[lbo-talk] Caudwell on on language's inability to reflect the changing nature of reality

Charles Brown cb31450 at gmail.com
Mon Jan 6 15:24:04 PST 2014


Carrol Cox <cbcox at ilstu.edu> wrote:
> Linguistic change and "being in touch with reality" are rather distinct
> concerns. Worse, the phrase "being in touch with reality" belongs in nursery
> babble rather than serious conversation among adults (educated or
> uneducated).
>
> Carrol

^^^^^^ CB: The idea that the phrase "being in touch with reality" would occur in nursery babble is a bit out of touch with the reality of nursery babble.

Then there's the recently reported case of the preacher recently reported on facebook. He tried to walk on water and drowned in front of his congregation. Or the Senator candidate in Missouri in 2012 who thought that women have a way of shutting down impregnation when they are raped.

Materialism is the belief in the existence of objective reality , as Lenin put it.

Here's Caudwell's formulation again and the next paragraph: Reality constitutes for us our environment; and our environment, which is chiefly social, alters continuously – sometimes barely perceptibly, sometimes at dizzy Speeds. The socially accepted pictures we make in words of reality cannot change as if they were reflections in a mirror. An object is reflected in a mirror. If the object moves the reflection moves. But in language reality is symbolised in unchanging words, which give a false stability and permanence to the object they represent. Thus they instantaneously photograph reality rather than reflect it. This frigid character of language is regrettable but it has its utilitarian purposes. It is probably the only way in which man, with his linear consciousness, can get a grip of fluid reality. Language, as it develops, shows more and more of this false permanence, till we arrive at the Platonic Ideas, Eternal and Perfect Words. Their eternity and perfection is simply the permanence of print and paper. If you coin a word or write a symbol to describe an entity or event, the word will remain ‘eternally’ unchanged even while the entity has changed and the event is no longer present. This permanence is part of the inescapable nature of symbolism, which is expressed in the rules of logic. It is one of the strange freaks of the human mind that it has supposed that reality must obey the rules of logic, whereas the correct view is that symbolism by its very nature has certain rules, expressed in the laws of logic, and these are nothing to do with the process of reality, but represent the nature of the symbolic process itself.
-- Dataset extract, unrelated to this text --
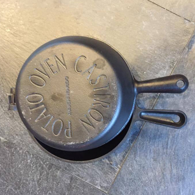 お芋をアルミホイルにくるんで入れて、あとは途中で上下をひっくり返すだけ。鋳物の遠赤効果でホクホクのさつまいものできあがり。片手鍋を上下に連結した構造になっており、外せばそれぞれお鍋として使えます。

The artist experiences this discrepancy between language and reality as follows: he has had an intense experience of a rose and wishes to communicate his experience to his fellows in words. He wishes to say, ‘I saw a rose’. But ‘rose’ has a definite social meaning, or group of meanings, and we are to suppose that he has had an experience with the rose which does not correspond to any of society’s previous experiences of roses, embodied in the word and its history. His experience of the rose is therefore the negation of the word ‘rose’ it is ‘not-rose’ – all that in his experience which is not expressed in the current social meaning of the word rose He therefore says – ‘I saw a rose like’ – and there follows a metaphor, or there is an adjective – ‘a heavenly rose’, or a euphemism – ‘I saw a flowery blush’ and in each case there is a synthesis, for his new experience has become socially fused into society’s old experiences and both have been changed in the process. His own experience has taken colour from all past meanings of the word ‘rose’ for these will be present in men’s minds when they read his poem, and the word ‘rose’ will have taken colour from his individual experience, for his poem will in future be in men’s minds when they encounter the word ‘rose’.